877-277-7848

      Engineers in Britain have developed an ultrasound scanner that costs under $65 Cdn to make and could improve prenatal care in parts of the developing world where this technology is out of reach.

      The device, if it gets commercial backing, would enter a market where hospital-based ultrasound scanners cost anything between $31,5000 to $154,000 and low-cost, portable devices sell for around $7,000 each.

      “You could be looking at something certainly less than ($300) to buy,” said Jeff Neasham, the sonar technology specialist at Newcastle University who developed the device with his colleague Dave Graham.

      “Things are at a very early stage,” Neasham said. “We have talked to a couple of interested companies and have had contact with a couple of charities, but we are still looking for partners.”

      Around 250,000 women die each year from complications in pregnancy and childbirth, 99 per cent of them in developing countries, according to the United Nations.

      Some of the world’s biggest health care equipment companies such as General Electric and Siemens are pouring resources into developing low-cost devices for emerging markets.

      GE has developed a hand-held ultra-sound scanner called Vscan with an integrated screen and Seattle-based start-up firm Mobisante has a device that can link to a smartphone for viewing.

      The Newcastle University scanner is about the size of a computer mouse and can be used via a USB plug with any PC or laptop built in the last 10 years, which the developers hope will make it accessible.

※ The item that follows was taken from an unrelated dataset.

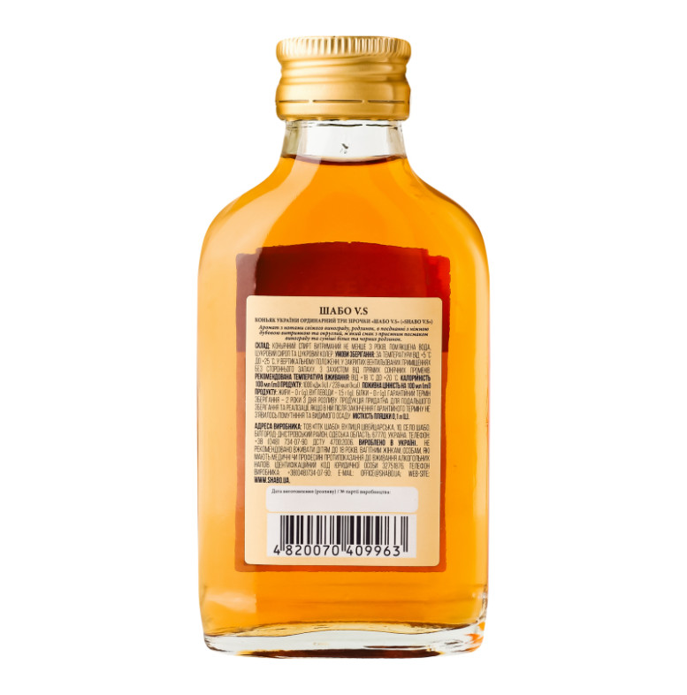 Склад: Коньячні спирти не менше 3-х років витримки, пом'якшена вода, цукровий колер, цукровий сироп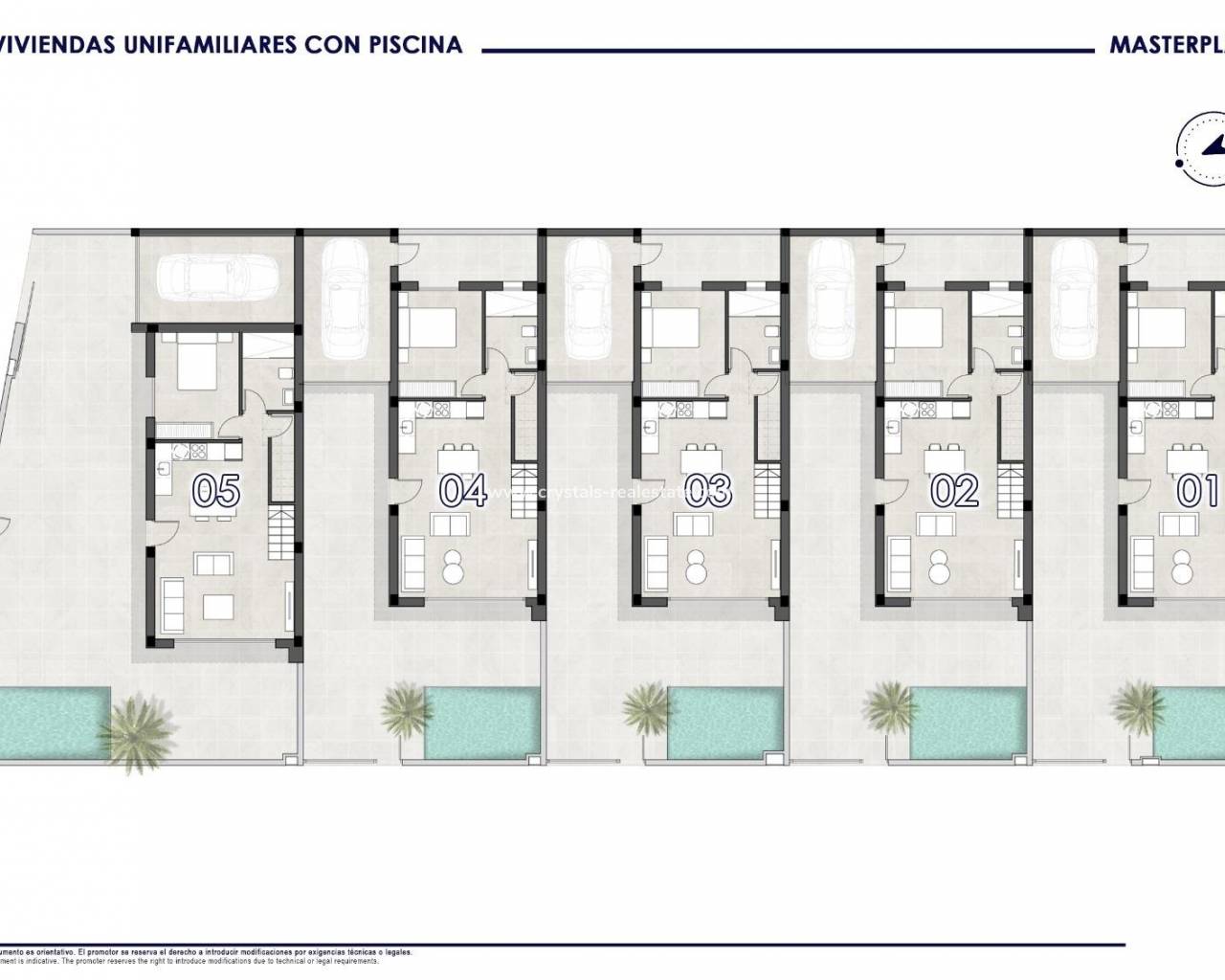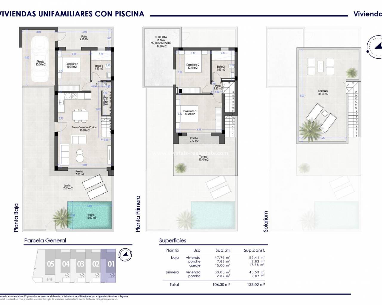 Neubau-Doppelhaushälften mit privatem Pool in San Pedro del Pinatar Moderne Häuser in erstklassiger Lage Diese exklusive Wohnanlage mit 5 Doppelhaushälften befindet sich in San Pedro del Pinatar, einer lebhaften Küstenstadt an der Costa Cálida. In der Nähe des städtischen Sportzentrums, nur wenige Gehminuten vom Stadtzentrum und nur 3,5 km von den Stränden des Mar Menor und des Mittelmeers entfernt, bieten diese Häuser die perfekte Mischung aus Komfort, Bequemlichkeit und mediterranem Lebensstil. Zeitgemäßes Design und funktionale Raumaufteilung Jede Villa erstreckt sich über zwei Etagen und ist in moderner Architektur gestaltet, wodurch Raum und Tageslicht optimal genutzt werden. Mit 3 Schlafzimmern und 2 Bädern sind diese Immobilien ideal für Familien, als Ferienhäuser oder als Kapitalanlage. Erdgeschoss: Offene Küche, die mit dem hellen Wohn- und Essbereich verbunden ist, ein Schlafzimmer, ein Badezimmer, eine hintere Terrasse und direkter Zugang zum privaten Garten mit Pool. Erster Stock: Zwei weitere Schlafzimmer, ein Badezimmer und eine geräumige Terrasse mit Zugang zum privaten Dachsolarium, ideal zum Sonnenbaden oder zur Unterhaltung. Hochwertige Ausstattung und Komfort Die Villen werden mit hochwertigen Ausstattungsmerkmalen und durchdachten Details geliefert, um ein modernes Wohnen zu gewährleisten: Vollständig möblierte und ausgestattete Küche mit Geräten Privater Swimmingpool und Garten Dachsolarium für ganzjähriges Wohnen im Freien Sommerküche inklusive Innen- und Außenbeleuchtungspaket Geschlossene private Garage San Pedro del Pinatar – Lebensstil und Umgebung San Pedro del Pinatar ist bekannt für seinen ganzjährigen Sonnenschein, seine Sandstrände und seine Naturlandschaften wie den berühmten Naturpark Salinas y Arenales. Die Stadt bietet alle wichtigen Dienstleistungen, darunter Geschäfte, Supermärkte, Restaurants, Gesundheitszentren und Sportanlagen, was sie zu einem ausgezeichneten Ort sowohl für das permanente Wohnen als auch für den Urlaub macht. Entfernungen zu wichtigen Sehenswürdigkeiten: Strände des Mar Menor – 3,5 km Einkaufszentrum Dos Mares – 5 km Yachthafen Lo Pagán – 4 km Roda Golf – 8 km Flughafen Murcia (Corvera) – 35 km Flughafen Alicante – 75 km Sichern Sie sich Ihr neues Zuhause am Meer Diese neu gebauten Doppelhaushälften in San Pedro del Pinatar verbinden modernes Design, hochwertige Ausstattung und eine privilegierte Lage in der Nähe des Meeres und aller Annehmlichkeiten. Kontaktieren Sie uns noch heute für weitere Informationen oder um einen Besichtigungstermin zu vereinbaren und den ersten Schritt zu Ihrem Traumhaus am Mittelmeer zu machen.

      Neasham said keeping the cost as low as possible was the main driver behind the project. He said there were some programs to make computers more available in the developing world but it was still not a given that everyone in Africa would have a laptop.

      Neasham tapped into his experience developing systems for imaging the sea bed and looking for shipwrecks to create the device, which uses pulses of high frequency sound, just like any other ultrasound scanner.

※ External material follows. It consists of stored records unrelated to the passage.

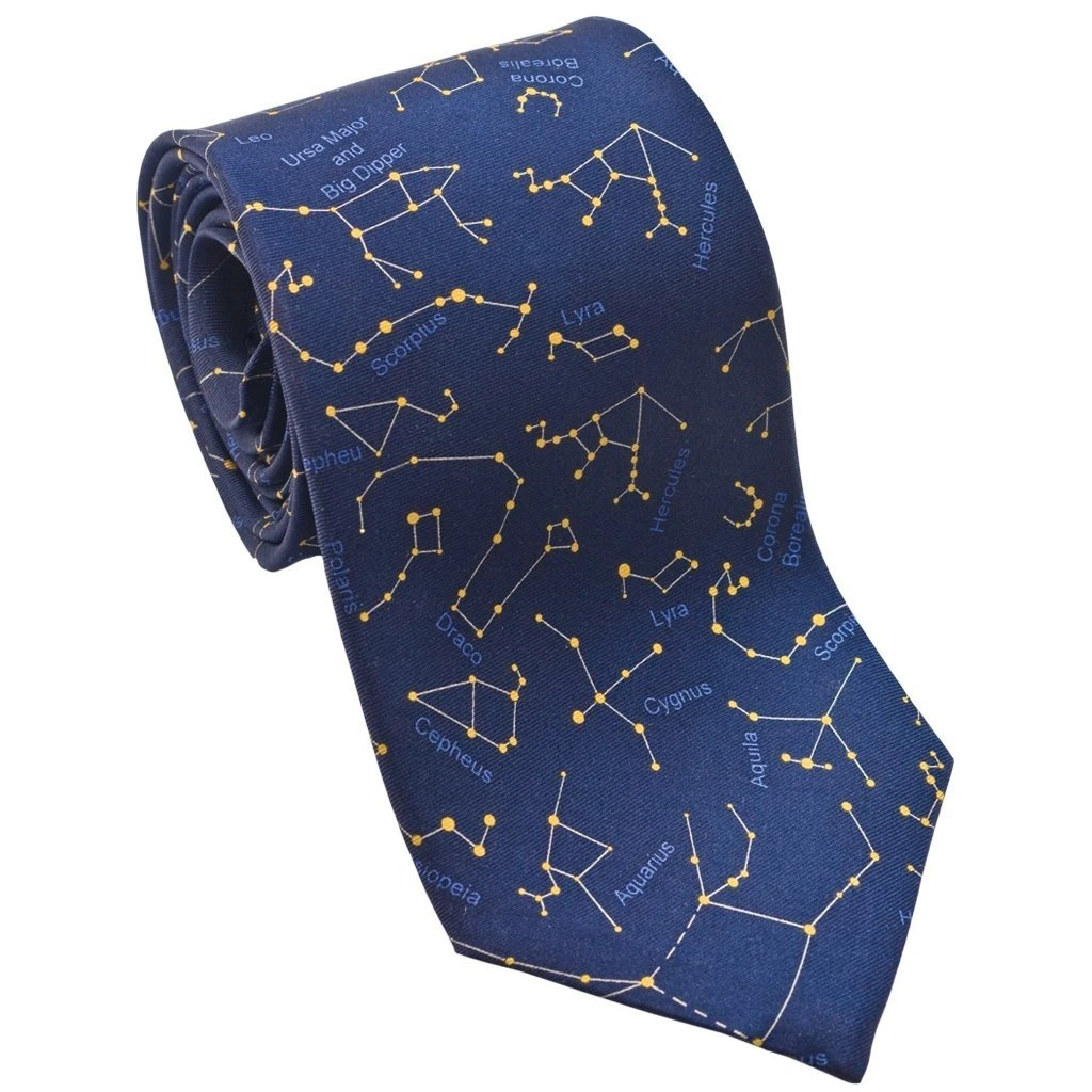 The perfect silk necktie for star gazers and night owls alike. All the constellations cleverly depicted on a night blue background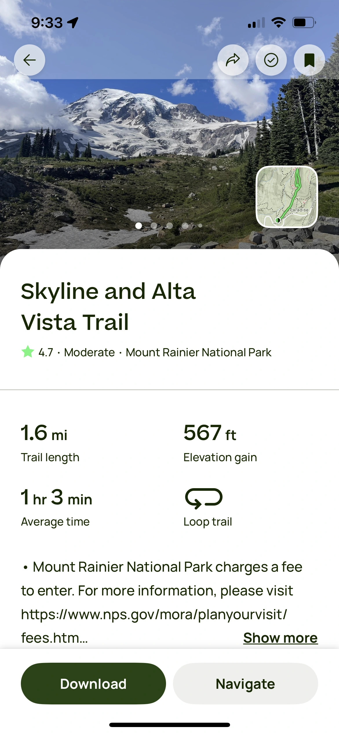 한국에서 가족들이 방문했다. 가족들이 시애틀에 오는 건 처음이라, 엄청난 대자연을 보여줘야 한다는 생각으로 Rainier National Park (레이니어 국립공원)에서 1박 2일을 보내기로 했다. 이제까지 소개한 레이니어 국립공원 안의 다양한 하이킹 코스들 - Burroughs Mountain Trail, Naches Peak, Tolmie Peak 등 - 중에 어디를 고를까 고민했지만, 아직 5월이라 도로가 막혀있거나 열지 않은 트레일이 대부분이라 옵션이 많지 않았다. 고심 고심 끝에 고른 곳은 레이니어 국립공원의 대표적인 2개의 베이스캠프 중 남쪽에 있는 파라다이스 (Paradise) 캠프에서 출발하는 세 개의 하이킹 트레일이었다.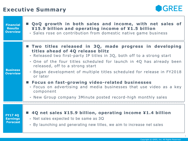 GREE, Inc. reported its fiscal year 2017 fourth-quarter results, highlighting a successful turnaround of its game business and a strategic shift toward global distribution. For the full year, the company achieved net sales of ¥65.4 billion and an operating income of ¥8 billion. The fourth quarter saw quarter-on-quarter growth with ¥19.2 billion in net sales and ¥2.4 billion in operating income, driven by the successful launch of four native games—including Another Eden and SINoALICE—all of which reached the top 20 rankings.
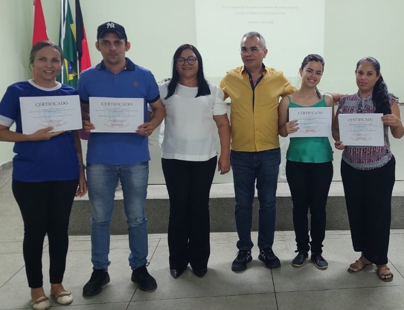 O curso de formação foi ministrado pelo professor/formador da Sala de AEE (Atendimento Escolar Especiaizado) do município, Marcone Alves Monteiro.

      “There are tricks we employ in sonar signal processing to simplify the hardware,” he said. “There are certainly techniques in this device that to the best of my knowledge have never been incorporated in a medical device before.”

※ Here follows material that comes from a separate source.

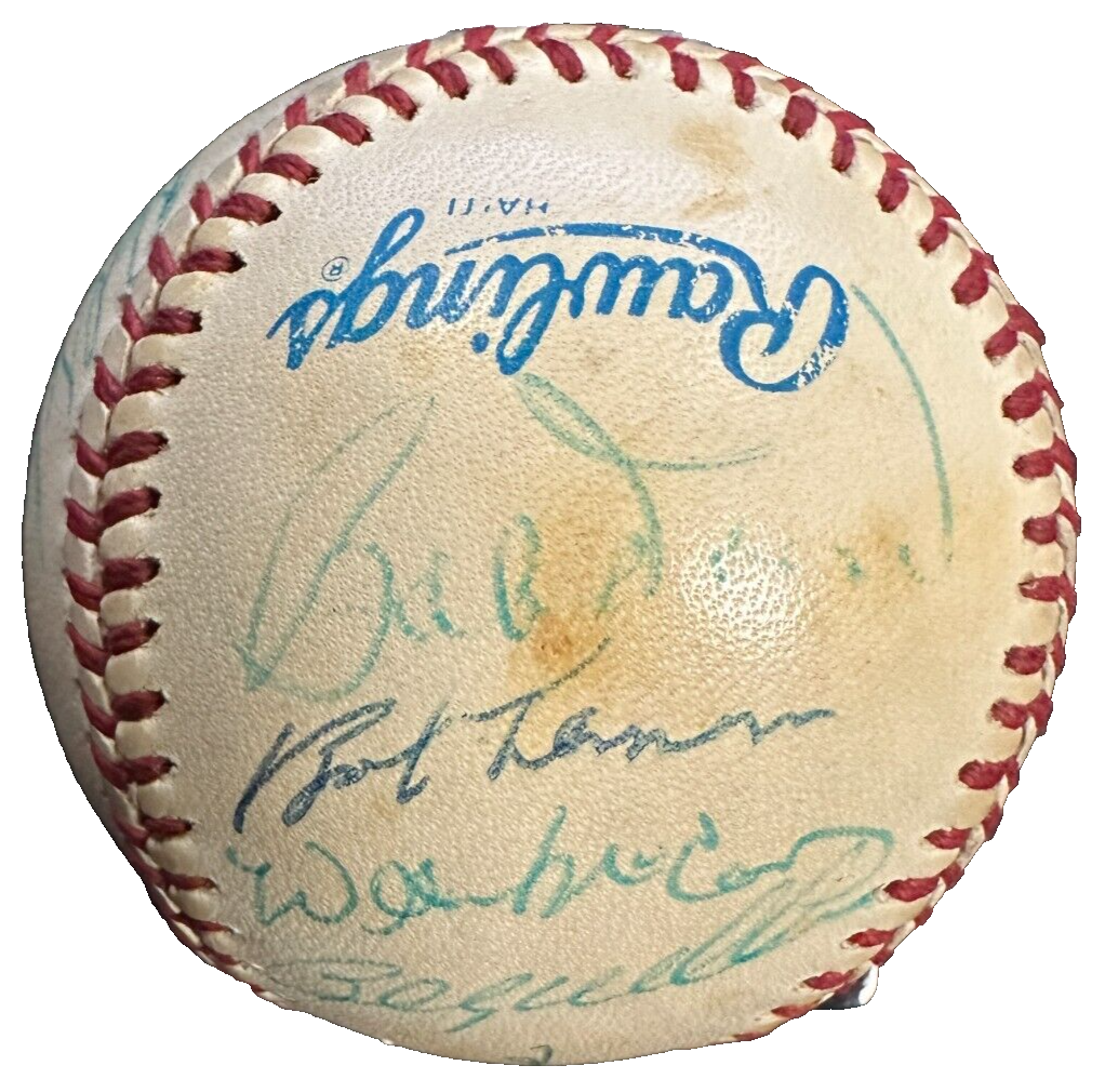 We're offering this Official Bobby Brown American League Baseball Autographed Members of the Baseball Hall of Fame. Signatures on the ball include Johnny Mize, Bob Lemon, Ray Dandridge, Billy Williams, Willie McCovey, Bobby Doerr, Warren Spahn, Steve Carlton. Whitey Ford, Ralph Kiner, Lou Brock, Billy Herman, Red Schoendienst, Charlie Gehringer, Joe Sewell & Al Barlick among others. It comes with a full letter LOA issued by BAS (AD58508) Beckett Authentication Services and all of the signatures are guaranteed to be 100% authentic. We will combine on shipping for similar items!

      He admits the quality of the image needs improving but said it stacked up quite favourably against more expensive scanners.

      Neasham said his own experience of becoming a father prompted him to start the project.

      “I was sat with my wife looking at our child on the screen. We realized how privileged we were to have access to this kind of care and it was my wife who suggested that I could apply my knowledge from sonar research to try to make this more affordable.”